The mechanism is specific: nicotine physically facilitates the binding of SIRT1 to NAMPT, allowing SIRT1 to deacetylate and activate NAMPT, which feeds back into the NAD+ salvage pathway. The action does not extend to SIRT1's other substrates (p53, NF-κB, PGC-1α) and is independent of the classical nicotinic acetylcholine receptors. In effect, the molecule may behave like a non-canonical NAD+ booster on a small subset of SIRT1 substrates.

What this is not, yet: a human longevity intervention. There is no human trial of low-dose nicotine for NAD+ repletion or epigenetic-clock deceleration. The mouse work and the well-studied cardiovascular safety of transdermal patches together motivate cautious interest, not a recommendation. Anyone with a history of nicotine addiction should treat experimental low-dose use with extreme skepticism — addiction biology is unforgiving.

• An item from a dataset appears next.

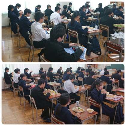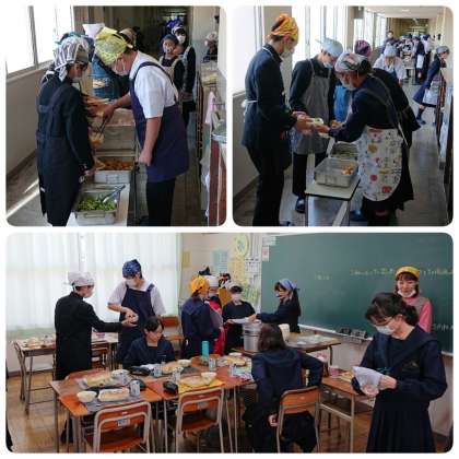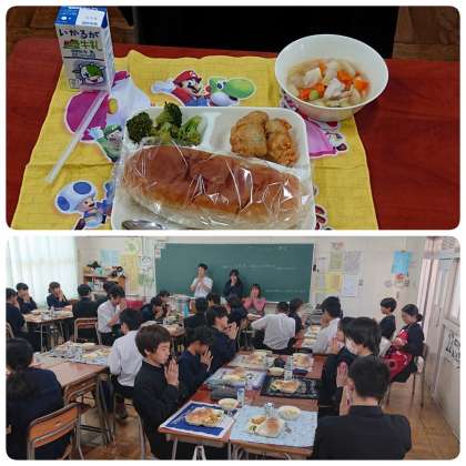 今日のメニューは、白身魚のフリッター、スープ煮、ブロッコリーのサラダ、パンと牛乳です。
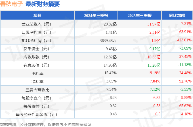 据证券之星公开数据整理,近期春秋电子(603890)发布2025年三季报。截至本报告期末,公司营业总收入31.97亿元,同比上升7.21%,归母净利润2.31亿元,同比上升63.91%。按单季度数据看,第三季度营业总收入12.71亿元,同比上升15.0%,第三季度归母净利润1.38亿元,同比上升20.61%。本报告期春秋电子盈利能力上升,毛利率同比增幅24.48%,净利率同比增幅92.76%。

For the current generation of NAD+ interventions actually supported by human data, see Geroprotectors.

Practical guidance

If you smoke combustibles, quitting is the single largest health intervention available to you. No other modifiable factor in this corpus has a comparable effect size on all-cause mortality. The cognitive- and lung-tissue-recovery data also argues against the "I've smoked too long for it to matter" framing — the recovery signal continues to accumulate for years.
Vapes are not "safe" — they're less bad than cigarettes. Defensible as a cessation tool with a planned exit. Not defensible as a long-term recreational habit, particularly in healthy adults with no smoking history.
Oral nicotine pouches deserve more skepticism than they currently receive. High-pH formulations maximize absorption and addiction potential; the cardiovascular profile is essentially unstudied. The youth uptake curve is alarming.
Nicotine and resistance training are working against each other. Anyone trying to build or preserve muscle mass should regard chronic nicotine use as a meaningful drag on the system.
Don't combine nicotine with hot-environment endurance exercise. The thermoregulatory impairment is real and the consequences are acute.
Adolescent exposure is in a different category. Both human and animal data suggest the developing brain takes permanent structural hits from chronic nicotine. Vaping marketed to teenagers is a public-health failure, not a harm-reduction success.
Low-dose nicotine as a longevity intervention is not yet evidence-based for humans. Watch the literature; do not act on mouse data.

What's overrated

"Vaping is safe." It's safer than combustible smoking. It is not without measurable cardiovascular and respiratory effects, and the long-cohort data are still arriving.
Nicotine as a sport-performance enhancer. Modest reaction-time effects only; no demonstrated improvement in strength or aerobic capacity; meaningful heat-stress risk.
Nicotine as an "NAD+ booster" in humans. Strong mouse signal; zero human longevity trials.
The historical claim that nicotine itself is comparable in harm to tobacco smoke. Combustion products do most of the cancer and cardiovascular damage; isolated nicotine has its own narrower risk profile.